- Citizenship: Italian
- Occupation: Engineer
- Employer: Racing Bulls
- Title: Operations director

= Matteo Piraccini =

Italian engineer

Matteo Piraccini is an Italian Formula One engineer. He is the Operations director at the Racing Bulls Formula One team.

==Career==
Piraccini graduated from the University of Bologna with a degree in mechanical engineering before completing a PhD focused on the numerical and experimental analysis of hydraulic systems. He joined the Minardi Formula One team as a research and development engineer, working on drivetrain and vehicle systems while also supporting factory and trackside testing programmes.

Following the transformation of Minardi into Scuderia Toro Rosso in 2006, Piraccini became Gearbox and Systems Chief Engineer, overseeing gearbox assembly, hydraulic systems, and the team’s expanding R&D and test activities. He later combined this role with responsibilities as Quality Manager, introducing improved inspection, traceability, and supplier-integration processes across composite production and race operations. In 2014 he was appointed Chief Designer, Mechanical and Systems, leading the design of drivetrain, suspension, cooling, braking, and fuel systems under Technical Director James Key.

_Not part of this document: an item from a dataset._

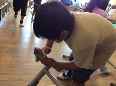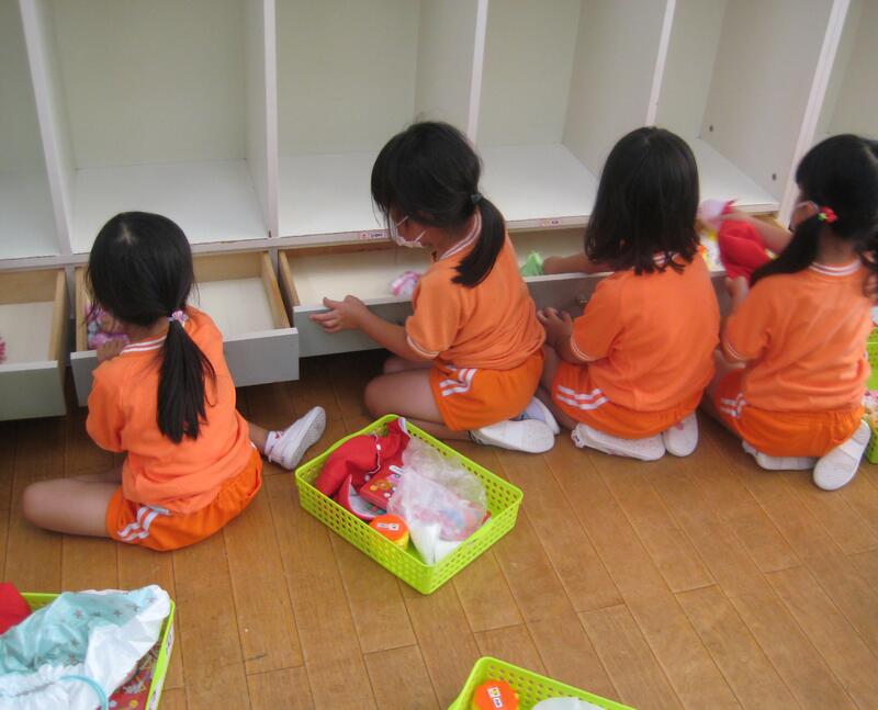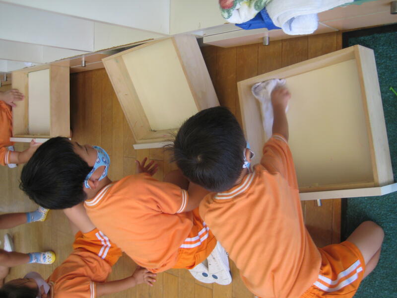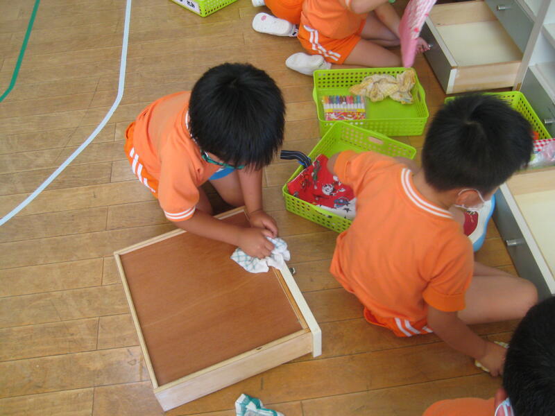 幼稚園では、夏休み前にホールや教室にあるもの、ロッカー等の大掃除をしました。

Piraccini joined the FIA in 2015 as a Senior Research Engineer, contributing to projects within the Global Institute for Motor Sport Safety analysing crash mechanisms and cockpit safety development.

He returned to Formula One with Haas F1 Team in 2019, first as Head of Mechanical Design and then Head of Chassis Engineering, helping establish a new design structure and supporting development of the 2022-generation cars. In 2024 he returned back to Faenza, at the team now called Racing Bulls, as operations director. He oversees technical coordination and operational delivery.